My column recommended religious extremists join forces with environmentalists to pressure our government and the multinational corporations that run our government to respect Mother Nature because cataclysms of unparalleled proportions have doctrinally indicated divine wrath meant to curtail human arrogance and greed.
Then God seemed to endorse my tongue-in-cheek proposal when lightning struck the vessel used to siphon oil from the gushing well.
God appears sick of us saving oil for human excess rather than saving his sea turtles. And he appears aghast by BP’s unwillingness to get help from other oil companies when clearly the task is too great for them to handle alone. See, other siphoning ships were in the North Sea but BP shunned the help and sent for them last week only after the feds required it.
Intentionally, or because BP isn’t up to the task, we’ve been repeatedly lied to and still the perpetrators run free. Strike that, they don’t run free, they actually run the recovery and repair efforts.
Since all this began we anti-corporate-master types called for BP’s corporate charter. While we’re at it, we’d like Halliburton’s and Transocean’s charters as well. Think of it as incarcerating the accused without bail until trial; which we do all the time to human suspects.
Additionally, stop all deep-water drilling, if for no other reason than to find out if any other companies falsely assured us that they had functioning shutoff valves the way BP falsely claimed it did. And heck, if determining whether we could destroy our oceans, sea life and sea-based oxygen production with a single oil harvesting method isn’t enough reason to halt operations, then we’ll at least know how stupid we are.
But the minute we demanded BP be held accountable, corporate apologists cried “foul.” They claimed it was about protecting business dealings in the U.S., and that’s a lie. Each and every Gulf of Mexico businessperson now faces occupational extinction because of the actions of three megacompanies, and those little entrepre-neurs know they don’t matter. Of course, the most famous crybaby is Texas congressman Joe Barton, but certainly not our only one.
Maybe the problem’s too complicated for the apologists. But it’s just like mandatory automobile insurance. All across our land governments insist that private individuals and businesses set cash aside — through insurance agencies — in case we injure someone with our vehicle. We can’t do harm and then leave the innocents without relief. Still, too many Americans think BP shouldn’t be mandated to provide relief from the damage it has done.
No matter to me, because $20 billion isn’t enough. I want the assets of BP and its stockholders seized. You know, the way the cops take every single thing a drug dealer and his family has in his home or in the bank once he or she is charged with dealing drugs.
Society hates drug dealers, so their property and wealth feels like fair game.
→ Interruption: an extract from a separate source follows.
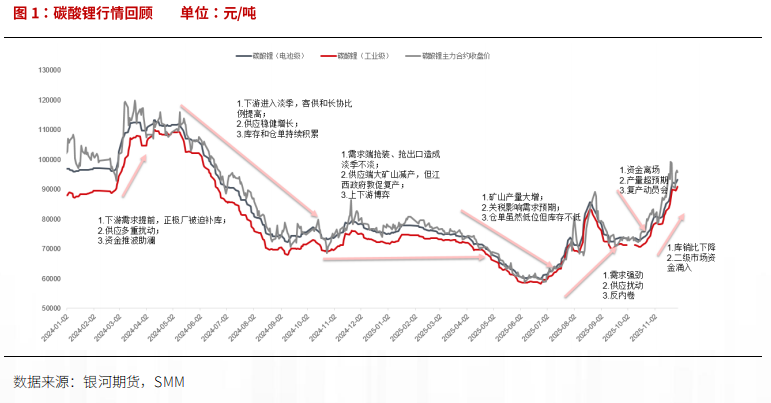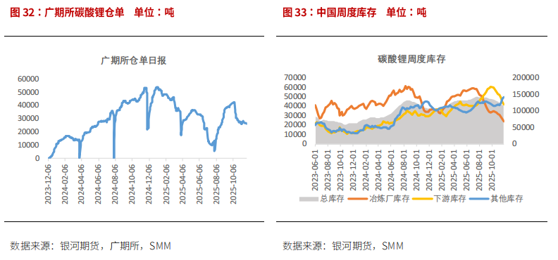 11月20日之前锂价整体是加速上涨的态势。彼时锂电股票如火如荼,市场皆为明年储能成为碳酸锂需求的“第二成长曲线”摇旗呐喊。即使是枧下窝复产进度推进的采矿权出让费公示也被解读为利空出尽。在SMM每周去库3000吨以上且不断加速的背景下,碳酸锂加权持仓增加26.6万手至最高109.3万手,主力合约2601从最低77660涨至102900,涨幅达到32.5%。11月20日交易所监管新规发布,促成锂价见顶回落,11月20日交易所监管新规发布,促成锂价大跌,此后在9-10万之间运行。11月开始的上涨,持仓增加20余万手,涨幅超过30%,终于可以比拟7、8月的两次上涨,不过一半的涨幅由4个交易日实现,且并无实质性利多消息支持,更像是纯粹的资金行为。资金起初集中于2601合约,持仓高达50余万手,被最初监管限制后分散于以2605为主的远月合约,总持仓也一度超过110万手。过去常见的逼仓式上涨,往往也是以严格的监管结束,但若交易逻辑没有变化,监管效果也不明显。11月最后一周,资金重返2605合约,总持仓回到110万手附近,价格补过缺口,需要选择下一步方向。

And bad people use drugs but we give BP an emotional do-over because we use oil. But we don’t confiscate just from drug dealers. An even more blatant example of how we treat common folks differently from how we treat multinational corporations that rule our world can be found in the way we treat the poor.
Two weeks ago in Concord, Calif., local authorities confiscated food that was being distributed to the hungry and homeless. They seized this property before any conviction and at the same time arrested the volunteers distributing the victuals. That’s right, chow belonging to the humanitarian group Food Not Bombs was taken out of the hands of the hungry and thrown away. Seems some folks thought that all those homeless folks eating in the vicinity of the local farmers market could hurt the business enterprise of the farmers. Food Not Bombs director Keith McHenry pointed out that the food came from farmers.
Maybe if BP dumps homeless people on the shores of Florida the government will seize their assets — until then they’re just corporate pawns.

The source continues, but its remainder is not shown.